◆ Exercise description ◆
Exactly as written, please repeat the data that follows, but not the pictures.

:: Task inputs ::

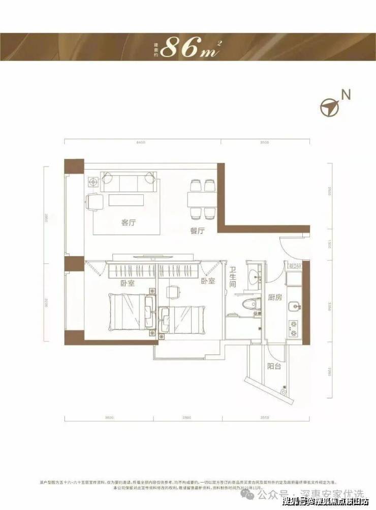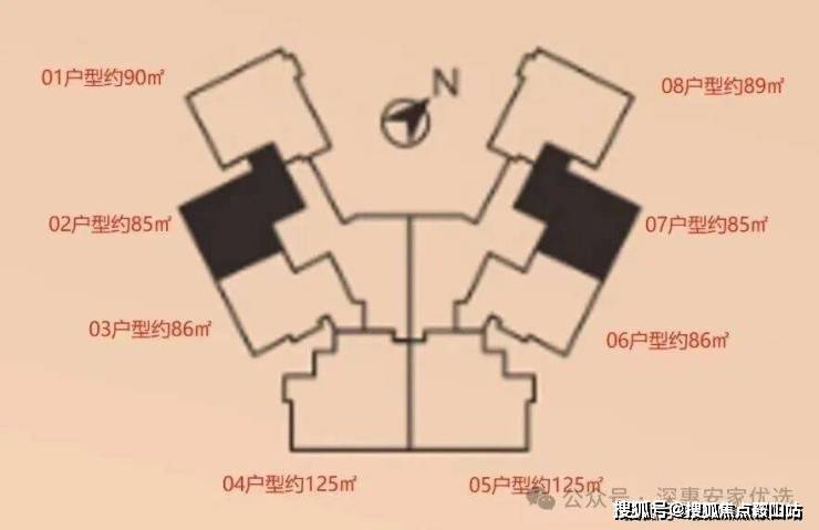 按高端住宅设计,主要户型为86㎡-125㎡2-3房户型为主,没有常规阳台、只有厨房生活阳台,还有现房在售。
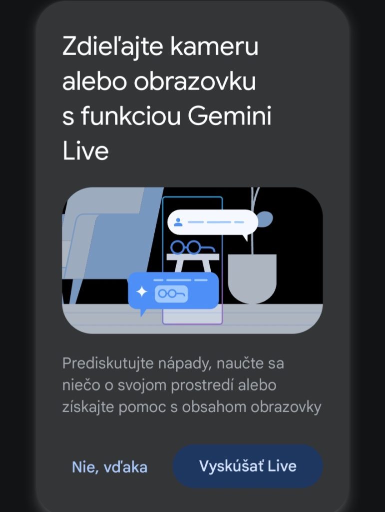 To je režim Live, ktorý vás môže počúvať a sledovať obrazovku. Napriek niekoľkým pokusom asistent upozornil, že obrazovka je čierna a treba ukázať niečo iné. Čierna nebola ale nefungovalo prepojenie fotoaparátu.
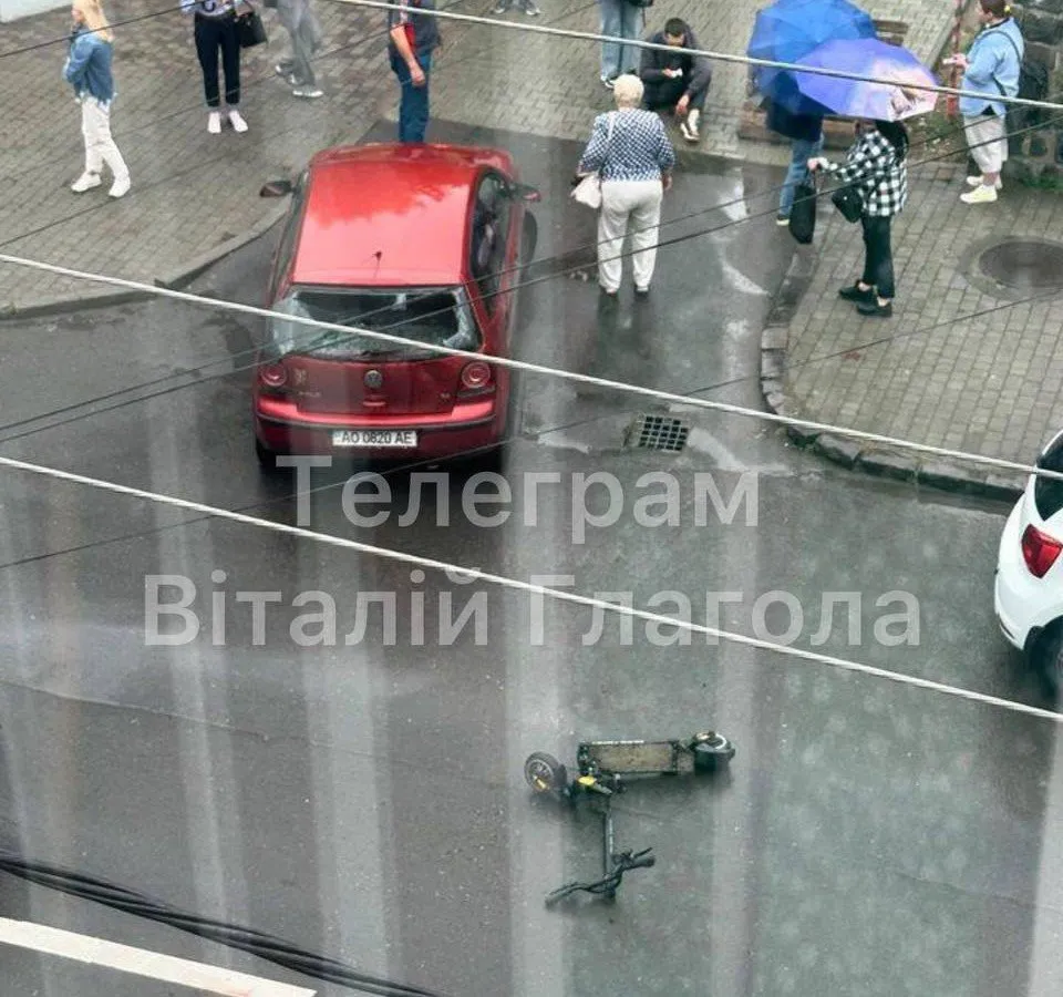 В Ужгороді чоловік на швидкісному електросамокаті влетів в авто
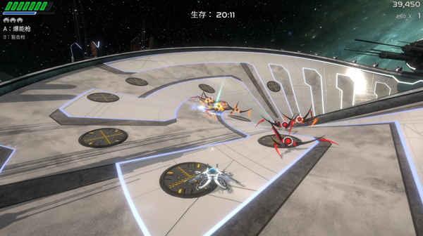 扭曲空间(Curved Space)是由Only By Midnight Ltd. 制作Maximum Games发行的一款华丽酷炫的双摇杆射击游戏。游戏受到街机经典飞行射击游戏的启发,融入诡异的太空场景,在奇异扭曲的太空场景中消灭入侵的蜘蛛异形,子弹会因扭曲立场环绕地面飞行。玩家将需要“吃”武器强化道具和升级道具,同时躲避敌人的火力,摧毁亚空间的虫子,并与一些巨大的boss怪物缠斗。这款游戏很容易上手,你只需挑战各个由情节推动的分支战役。但想要在游戏中游刃有余,斩获名次,在扭曲的战场上迎战入侵宇宙的蜘蛛,在急剧起伏的环境里体验子弹环绕地形飞行的快感。玩家要在躲避敌人火力、爆破跨维度障碍和对垒大boss的同时,尽力搜集武器强化和升级道具。此外,在这里还有许多模式玩法可以玩,如生存模式、无尽模式以及每日挑战,生存模式将在一浪接一浪的入侵中抵抗到底,每波入侵都会带来更加困难的新挑战。你可以选择自己喜欢的玩法模式开始游戏。
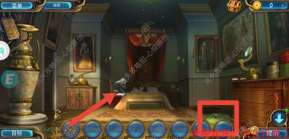 攻略作者:迷失攻略组-Silwin 未经许可,禁止转载,侵权必究! 第14章攻略 92.使用左侧靠墙的扫帚,击落吊灯上的小雕像(1/2)。92 93.调查右侧的椅子,翻开布,用钩子勾出小雕像(2/2)。93 94.调查地上的箱子,嵌入小雕像(2/2)。将不同颜色的棋子移到相应颜色的位置。打开箱子,拿走钥匙。记住箱子里的符号。94-1、94-2、94-3 95.用钥匙打开右侧的门。95 96.出门。

:::

◆ Answer section ◆
 按高端住宅设计,主要户型为86㎡-125㎡2-3房户型为主,没有常规阳台、只有厨房生活阳台,还有现房在售。
 To je režim Live, ktorý vás môže počúvať a sledovať obrazovku. Napriek niekoľkým pokusom asistent upozornil, že obrazovka je čierna a treba ukázať niečo iné. Čierna nebola ale nefungovalo prepojenie fotoaparátu.
 В Ужгороді чоловік на швидкісному електросамокаті влетів в авто
 扭曲空间(Curved Space)是由Only By Midnight Ltd. 制作Maximum Games发行的一款华丽酷炫的双摇杆射击游戏。游戏受到街机经典飞行射击游戏的启发,融入诡异的太空场景,在奇异扭曲的太空场景中消灭入侵的蜘蛛异形,子弹会因扭曲立场环绕地面飞行。玩家将需要“吃”武器强化道具和升级道具,同时躲避敌人的火力,摧毁亚空间的虫子,并与一些巨大的boss怪物缠斗。这款游戏很容易上手,你只需挑战各个由情节推动的分支战役。但想要在游戏中游刃有余,斩获名次,在扭曲的战场上迎战入侵宇宙的蜘蛛,在急剧起伏的环境里体验子弹环绕地形飞行的快感。玩家要在躲避敌人火力、爆破跨维度障碍和对垒大boss的同时,尽力搜集武器强化和升级道具。此外,在这里还有许多模式玩法可以玩,如生存模式、无尽模式以及每日挑战,生存模式将在一浪接一浪的入侵中抵抗到底,每波入侵都会带来更加困难的新挑战。你可以选择自己喜欢的玩法模式开始游戏。
 攻略作者:迷失攻略组-Silwin 未经许可,禁止转载,侵权必究! 第14章攻略 92.使用左侧靠墙的扫帚,击落吊灯上的小雕像(1/2)。92 93.调查右侧的椅子,翻开布,用钩子勾出小雕像(2/2)。93 94.调查地上的箱子,嵌入小雕像(2/2)。将不同颜色的棋子移到相应颜色的位置。打开箱子,拿走钥匙。记住箱子里的符号。94-1、94-2、94-3 95.用钥匙打开右侧的门。95 96.出门。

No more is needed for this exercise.